Nietzsche and Marx reflect different aspects of radicalism. The radical views institutions as obstacles for the individual. It is a paradigm where the destruction of institutions is valued more than their reconstruction. The left-right spectrum fails to capture their similarities. Additional dimensions to the political divide do nothing to clarify this failure. Instead, imagine the line between the right and the left as a curve. Eventually the radical extremes converge.

Hayek recognized the similarities between the far right and the far left. He described how some youths drifted between sympathies for communism and fascism. Indeed, common experience has shown it is easier for a left-wing radical to transform into a right-wing radical than to become a moderate or centrist. The far right and the far left are closer to each other than either is to the political center. But Hayek saw the similarities between the two as an affinity for the power of the state. His misdiagnosis has given libertarians and movement conservatives a false sense of confidence in their distance from totalitarianism.

The Ideology of Radicalism

Donald Trump has earned the respect from corners of the libertarian movement in his willingness to cut taxes and reduce regulations. Libertarians conflate authoritarianism with an expansion of the state. They fail to understand authoritarianism is about limitations to political freedom. Economic policies may have relevance but only indirectly. The radical nature of libertarianism makes it difficult to accept democratic political institutions because their political principles are tied to the policies of governance rather than its process.

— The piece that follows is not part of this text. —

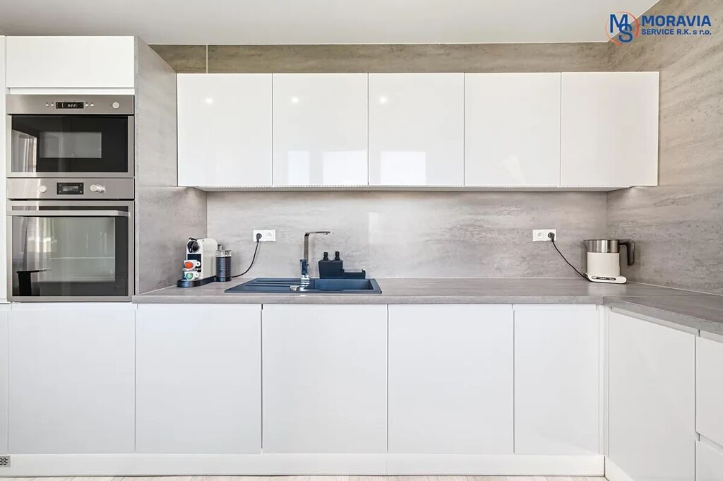 Moderní kuchyně : Nově vybavená s dostatkem úložného prostoru.

Marx recognized the interdependence of institutions with one another. The nuclear family reinforced concepts like property and ownership necessary for a capitalist economy to thrive. The state established laws and infrastructure for the capitalist economy. Religion distracted people from class consciousness. Institutions reinforce each other so it is not possible to simply abolish wealth of private property. Marx believed capitalism was likely to reemerge unless society was entirely reimagined.

Nietzsche, on the other hand, understood the impossibility in the abolition of all institutions. Marx differs from Nietzsche because he cares about the ultimate destination. Nietzsche is a nihilist. He simply does not care where his extreme form of individualism will lead. He likely expects institutions to collapse under the weight of a strongman. Still, he anticipates their reconstruction simply so someone new may tear them down again. Either way, it is the destruction which captures his imagination rather than the process of reconstruction.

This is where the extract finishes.